Temperature – Changes the acoustic profile by affecting propagation speed and tonal response.Humidity – Shapes absorption and damping behaviour, especially in relation to high-frequency energy.
Altitude – Simulates height-dependent atmospheric thinning, changing the perceived density and filtering of sound propagation.
Wind – Adds planetary wind ambience, with selectable wind layers for different atmospheric conditions.
Flux – Introduces ongoing movement or instability into selected parameters, creating more dynamic, less static planetary sound behaviour.
Speed of Sound – Controls delay and spatial separation cues.
Atmosphere Intensity – Scales overall propagation effects.

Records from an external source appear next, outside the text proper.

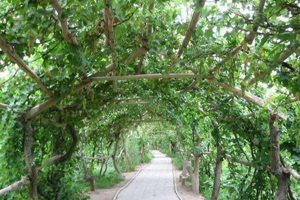 一、葡萄博览长廊:全长3公里,有早、中、晚熟鲜食葡萄品种40余个,定植葡萄20000棵,集观光、科研、教学为一体,是目前西北地区规模最大、最长的葡萄长廊。
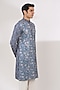 Featuring a teal blue kurta in sheeting and georgette base with sequins embroidery. It is paired with white cotton silk pants. Perfect wear for any festive occasion or wedding ceremony.
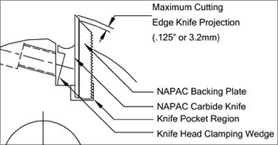 - Be sure the cutter head is completely clean and free from all foreign material in the knife pocket regions prior to installing NAPAC System. Check all corrugations in the knife head and on the NAPAC steel backing plates for nicks and burrs. Do not use a knife head or a NAPAC steel backing plate that has any nicks or burrs.
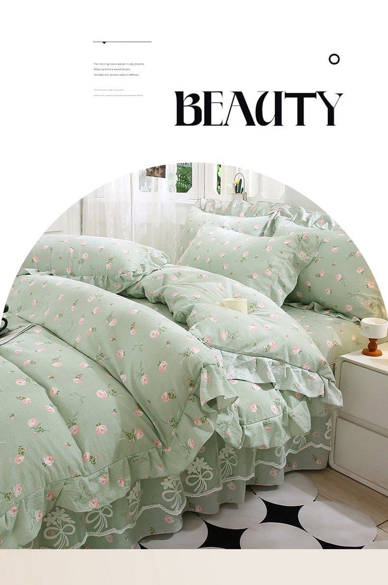 当前位置: 91家纺网 > 商品网购 > 床品套件 > 四件套 > 其它四件套 > 梵克保罗 2025新款双层纱蕾丝花边床裙四件套 落日暮年-绿
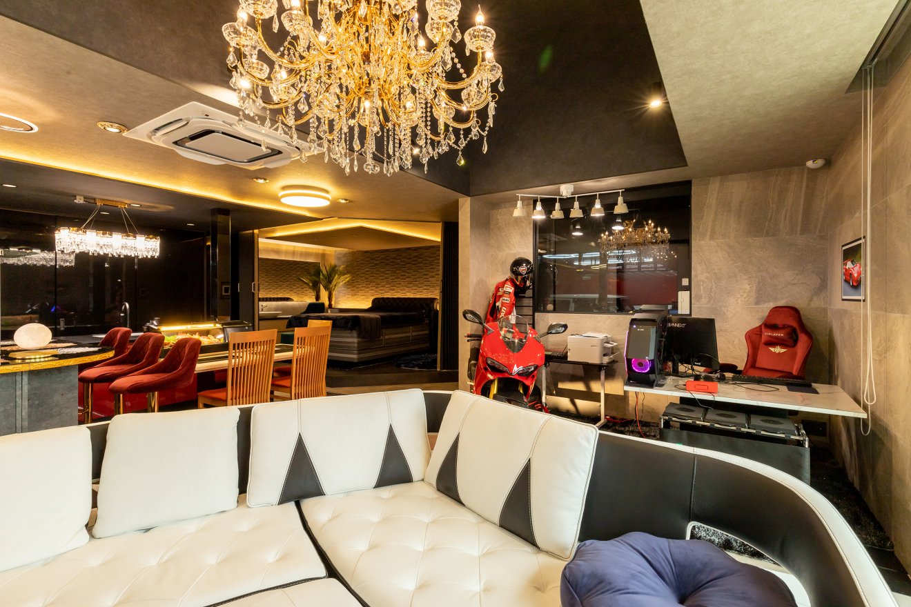 【LDK】一部の高さを4mに折り上げた天井からはシャンデリアが煌めき、空間の主役として全体を華やかに彩ります。セカンドハウスならではの大胆な設計で非日常の美学を追求しました。
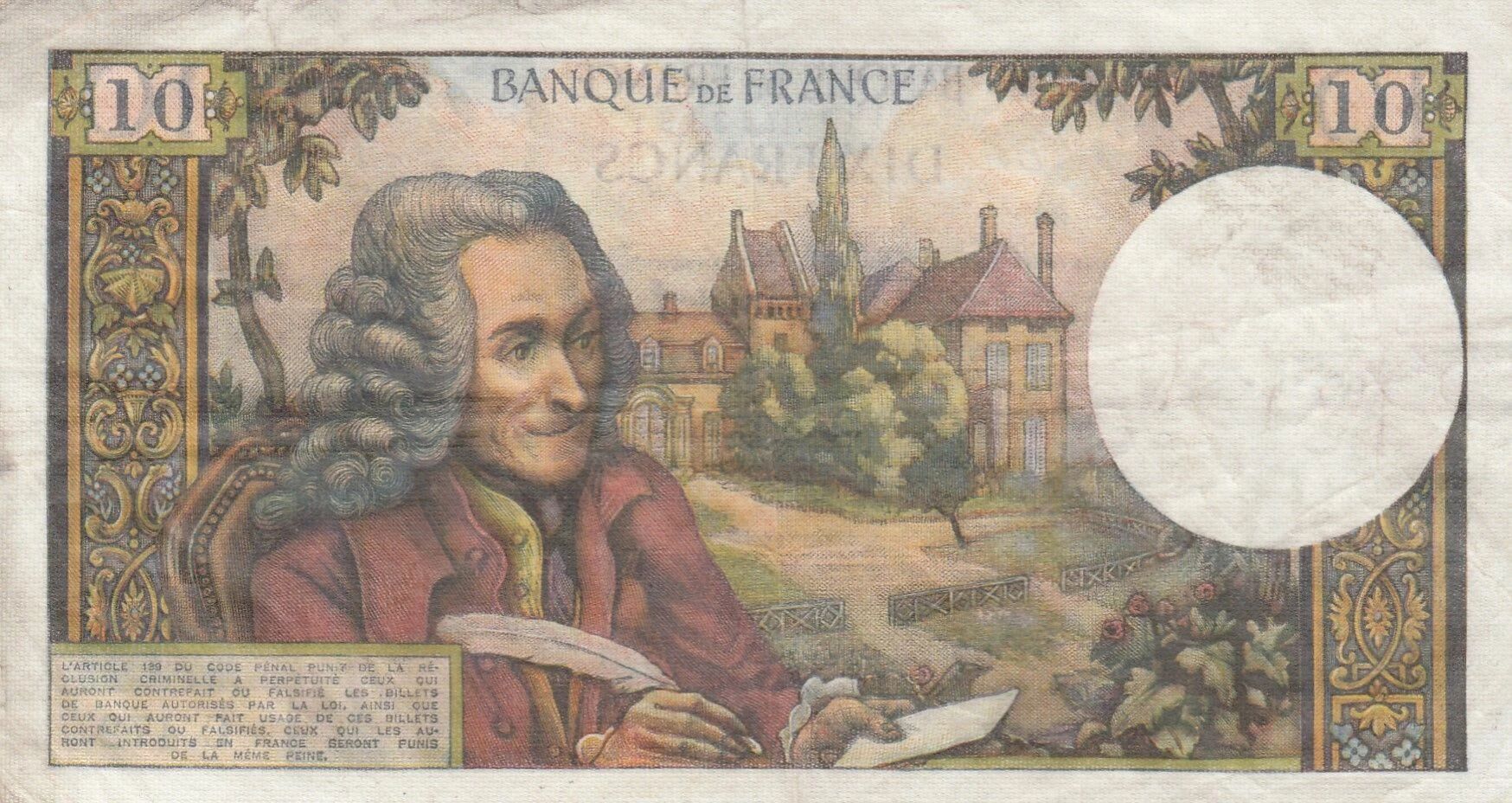 Voici une fiche numismatique pour le billet de 10 Francs Voltaire :

Amplitude Contrast – Controls how strongly loudness differences between planetary environments are exaggerated or reduced.
Base LPF & Offset – Fine-tune spectral behaviour, frequency weighting, and band-based dispersion.
Transition Time – Controls how rapidly propagation parameters update during changes.
Record / Playback – Capture sounds directly in the system, then play them back with all planetary effects applied.
Atmos. Tuning / Air-Column Shift
Applies a pitch shift based on the speed of sound in the selected planetary atmosphere. This is intended for air-column sound sources, such as voice, flute, clarinet, saxophone, trumpet, trombone and other resonating air-column instruments. The shift changes the tuning while keeping playback speed unchanged.Voice Formant Colour
Applies an optional vocal colour effect after the air-column pitch shift. This does not deliberately transpose the source audio. Instead, it moves a set of formant-like resonances using a Biquad filter bank, allowing the voice to sound darker, brighter, larger or thinner while leaving the main pitch-shift path unchanged. This is an approximation rather than true vocal formant analysis or resynthesis.Bypass & Dry/Wet Slider – Compare raw and processed audio instantly.
Interactive Features:
Move the listener to adjust distance; all propagation is physically modelled.
All audible changes result solely from atmospheric and propagation modelling.
AI Usage Disclosure:
A generative AI image tool was used solely to create a decorative UI frame element. All audio content, sound systems, MetaSounds, Blueprints, and design decisions were created manually by the author.